Wordplay
2006
Director: Patrick CreadonCast: Bill Clinton, Mike Mussina, Jon Stewart
A-

To a person as yet uninitiated to the world of crossword puzzle aficionados and their annual competition, such a distinction has no meaning: Few of us even look at crossword puzzles these days, much less try to do them on the clock. But there’s a world where Will Shortz, editor of the New York Times crossword puzzle, is king, and doing an average Monday puzzle in anything above five minutes flat is utterly pedestrian.
The players in this emulous game of puzzling are many. There are the puzzle constructers, the editors, and the consultants. Then there are causal junkies like Stewart, former President Bill Clinton, and New York Yankees hurler Mike Mussina. And finally, of course, there are the professionals—those who compete in the yearly competition at Stamford, solving even the most arduous of crosswords (featuring words like “Zolaesque”) in under 15 minutes. And what do all of these peoples of the puzzle world have in common? For all of them, it’s the Times puzzle, or nothing.
Wordplay, a documentary that reveals this hidden world of alphabetical wizardry to those us who prefer reading the paper to writing in it, is a surprisingly colorful film. Certainly, it features plenty of historical background—of the Times puzzle itself and of its current editor, Shortz. But more than that, it’s a wholly cohesive story of the disparate individuals who rigorously complete the puzzle daily, the diverse characters united by this ritualistic pursuit. Where many documentaries, even good ones like the recently released An Inconvenient Truth, tend to get too talky, Wordplay is equal parts conversation and concentration. There’s plenty of narration and many exacting interviews with past and hopeful competition champions; these are the moments when the puzzle-doers talk to the audience, discussing basics of the trade and their individual philosophies. But even as the dialogue allows us the adequate background to absorb the gravity of what we see, there are those other moments sprinkled in— those times when we’re placed unconsciously in the shoes of the puzzle champions, focusing on the common task at hand..

In these quiet, seemingly real-time moments of concentration, we are shown the same clue as the competitors and given the chance to solve it as they attempt to. Such instances are not forced— and thankfully not, else the film should feel like a nightmarish SAT prep-course—but occur as part of the film’s ongoing dialogue, just a quick way to try out the puzzles we’re being told so much about. Oddly, by the film’s end, after witnessing the deciphering of countless (seemingly) impossible puzzles, we get the feeling of having done one ourselves, having unlocked some technique or strategy to combat the mystery of this mind-bending recreational pursuit.

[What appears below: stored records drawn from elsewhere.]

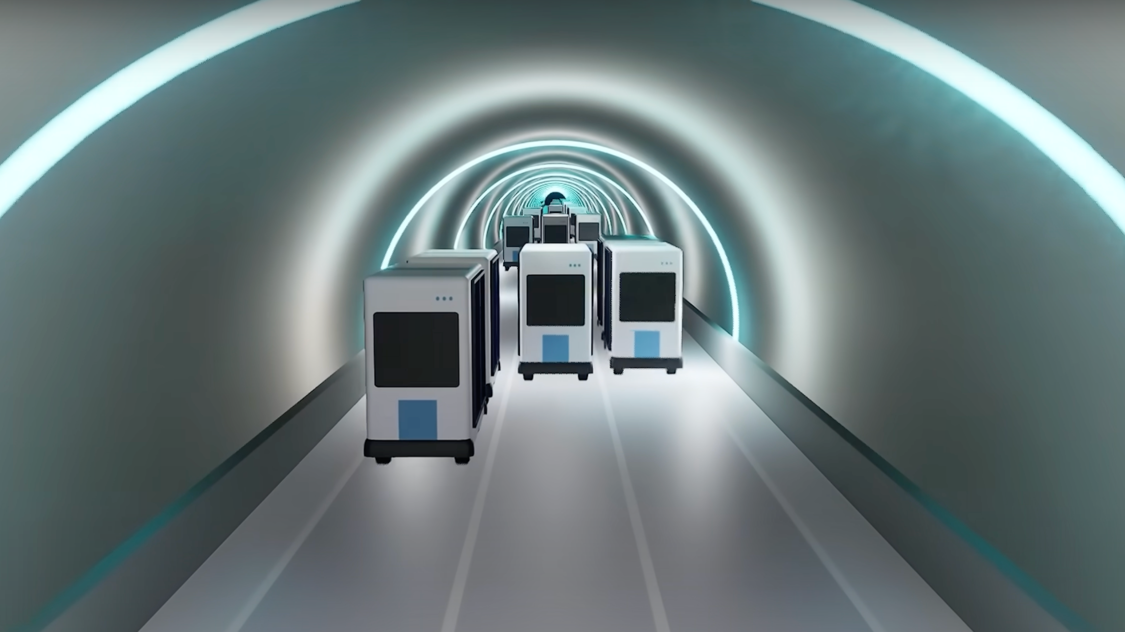 An official concept video shows dozens of the cargo pallets traveling across the autoflow road, which is split into three lanes and sits between an existing highway.
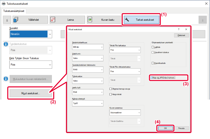 HAHMONNUSMENETELMÄN VAIHTO JA JPEG-KUVIEN TULOSTUS (KÄYTÄ OHJAINTA JPEGIEN HAHMONNUKSEEN)
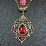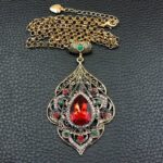Πολύ ιδιαίτερο κόσμημα, κατασκευασμένο από ασήμι και χαλκό με αντικέ επεξεργασία. Μεγάλο μοτίφ 8,5×5 εκατοστά.Συνοδεύεται από την ανάλογη αλυσίδα μήκους 70 εκατοστών 5 εκατοστά το αλυσιδάκι προέκτασης στο πίσω μέρος που καταλήγει σε μία καρδιά με το λογότυπο της σχεδιάστριας την Betsey Johnson. Διακοσμημένο με ζιργκόν σε κοπή round. Εντυπωσιάζει με τη λάμψη του και την καθαρότητα του το κεντρικό κόκκινο κρύσταλλο σε κοπή pear.
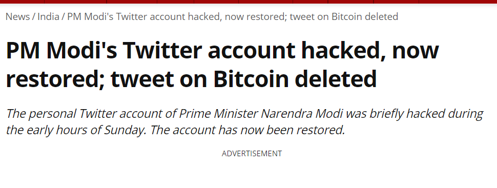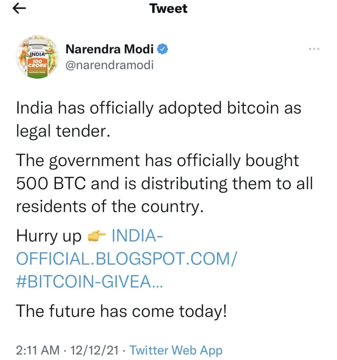 Indian Prime Minister Narendra Modi's personal Twitter account was "briefly compromised", his office posted on the social networking site early on Sunday morning, after it shared a scam link promising a bitcoin giveaway.
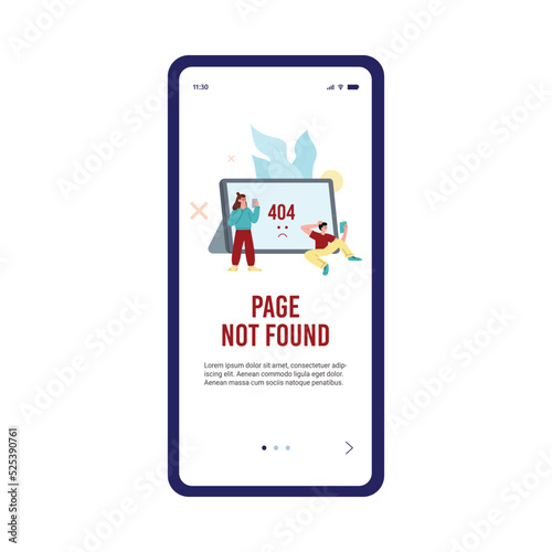 © Kudryavtsev, Obraz premium Page not found 404 error for mobile app onboarding screen vector illustration.
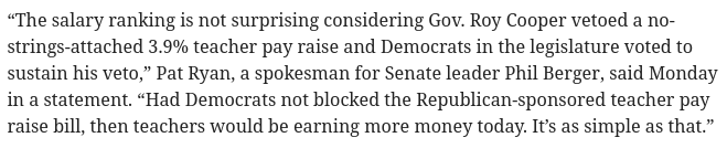 NCGA GOP stalwarts like Sen. Berger’s spokeperson are trying to frame the narrative that Gov. Cooper and NCGA Senate Democrats placed teachers on the chopping block because they upheld a veto on what was presented as a 3.9% average raise in teacher salaries a couple of years ago.
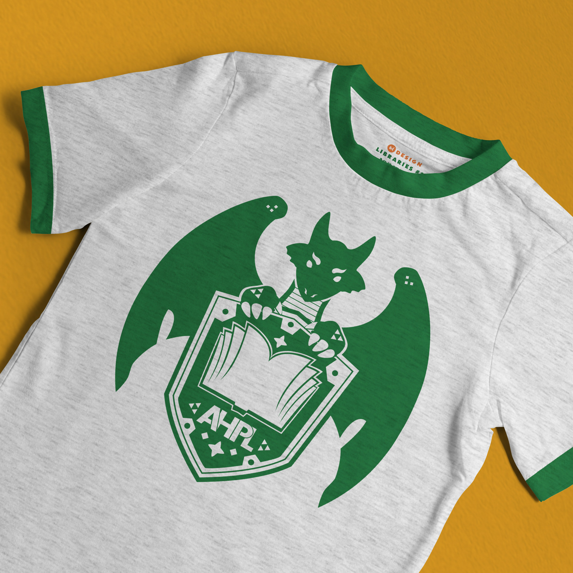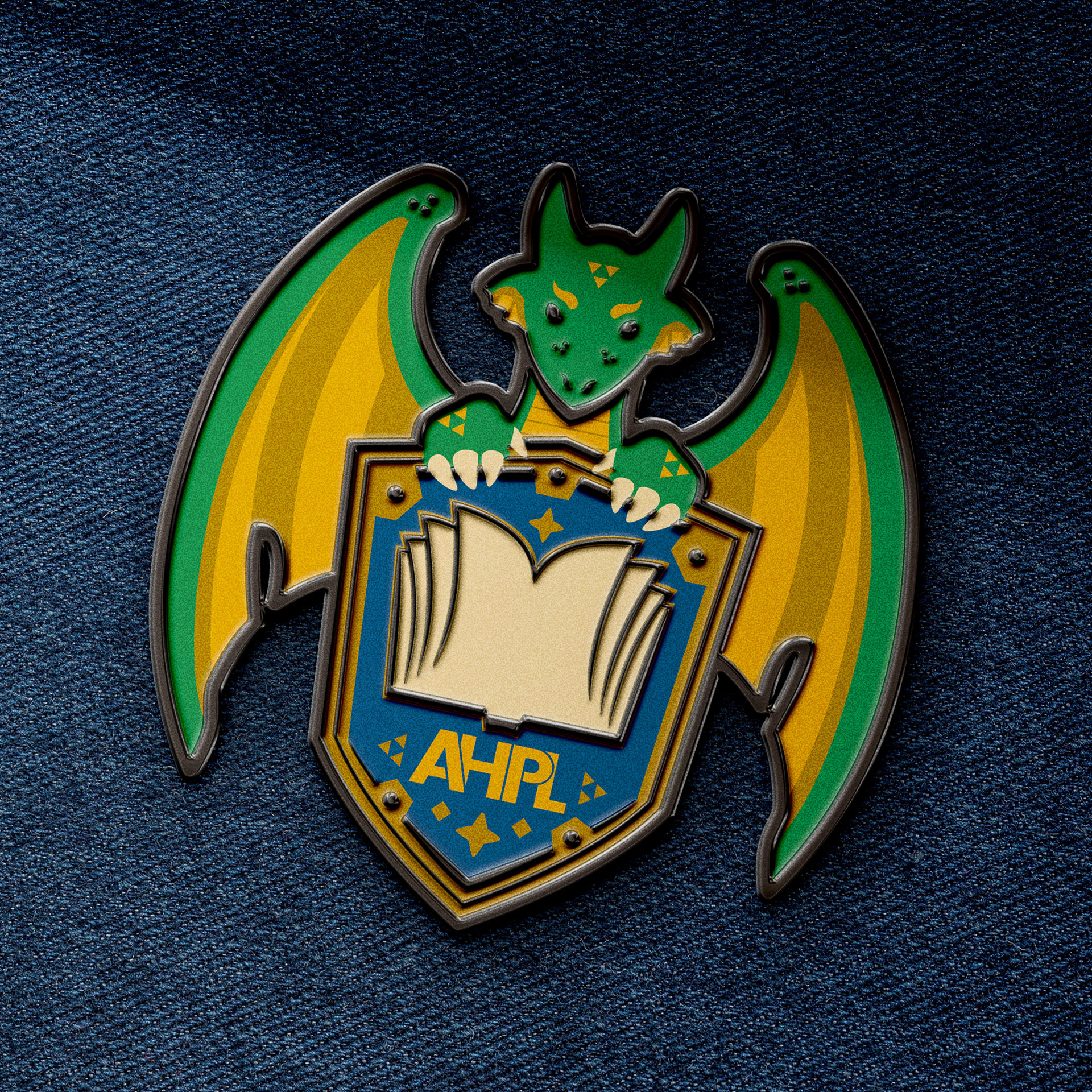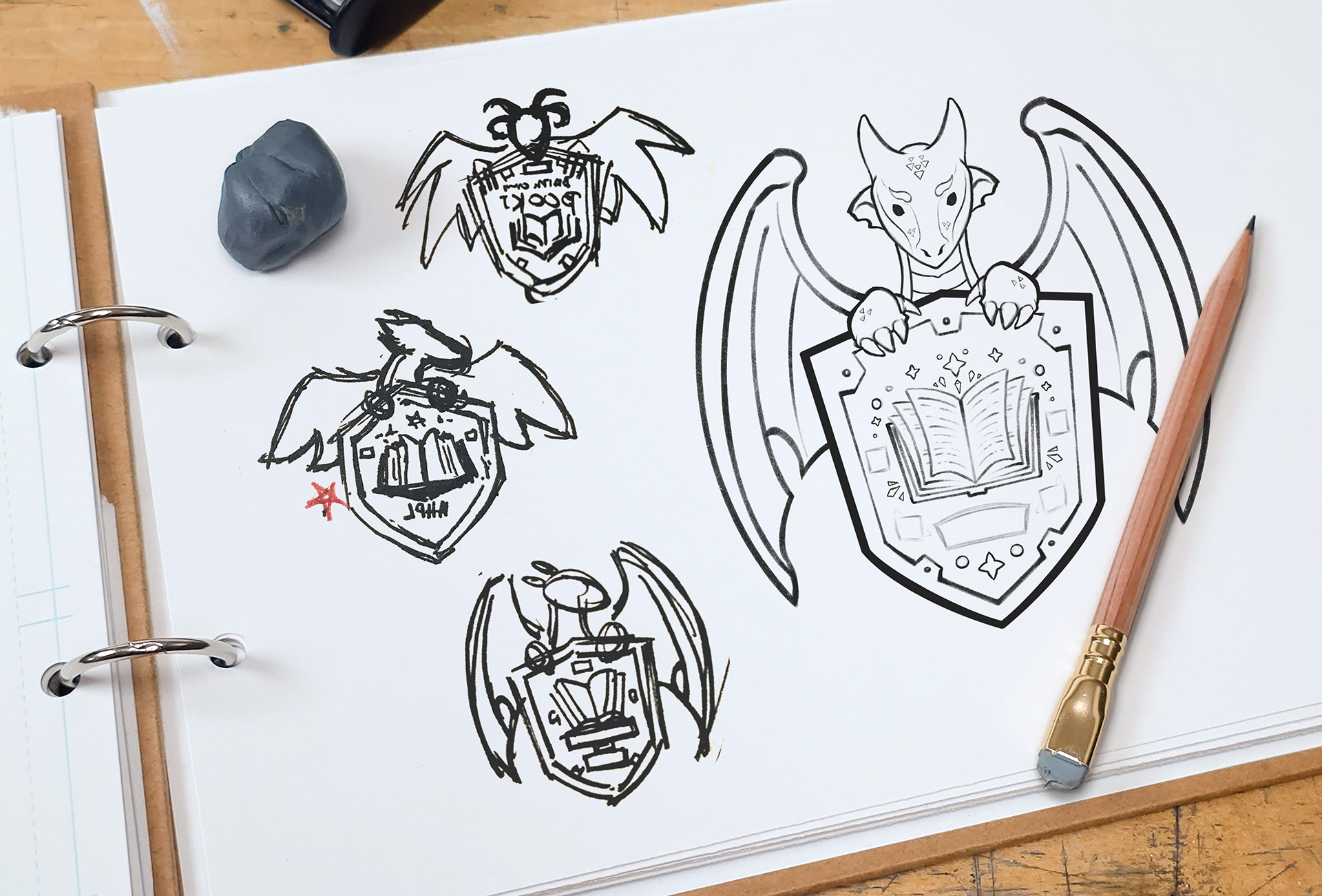 We explored various fantasy themes focusing on knights & dragons and arrived at the idea of the classic shield crest being held by a dragon. This embodied the original medieval theme the library pivoted to and had a sense of history by using the crest motif. The dragon was drawn in a rounded welcoming style to appeal to all ages.
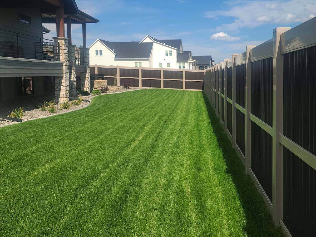 Our corrugated steel fences are made with a vinyl framework, including strong vinyl posts made of nonporous PVC materials. Your vinyl posts can be framed with a cedar or Diamond Kote trim for added customization.

Many recent popular documentaries have possessed that unmistakable political air, the left’s cinematic crusade to counter the more mainstream proselytization of the right. Though Wordplay is hardly a political film, it’s easy to perceive its repetitive hail and homage to the Times as part of some systematic effort to reassert the paper’s greatness in the face of recent controversies. Still, it’s simply a fact that its puzzle is the gold standard, due largely to Shortz’s insistence that it remains perceptive to current events in all spheres of society. Though it’s completely beside any point the movie may attempt to make, some viewers will easily find a liberal slant (prominently portrayed among the celebrity crossword addicts is Daniel Okrent, the first public editor of the Times, appointed in the aftermath of the Jayson Blair ordeal), but, alas, they’d probably as soon find that in Bill and Ted’s Excellent Adventure.
Some of us write poetry, some intricately chart planetary movement. No matter what our fixations, there infallibly remains an air of exclusion when exploring peregrine obsessions. With a soft, step-by step narrative, Wordplay makes these eccentrics, who spend up to 12 hours a day creating or solving crossword puzzles, seem not weird at all. Like the best documentaries, it introduces outsiders to a world worth exploring, informs and offers a taste, while shrewdly eschewing indoctrination. After all, it features a puzzle which can be adequately solved by an answer of either Clinton or Bob Dole. Now, couldn’t we all benefit from learning how such an extraordinary thing could be?
Wordplay is currently playing in limited release.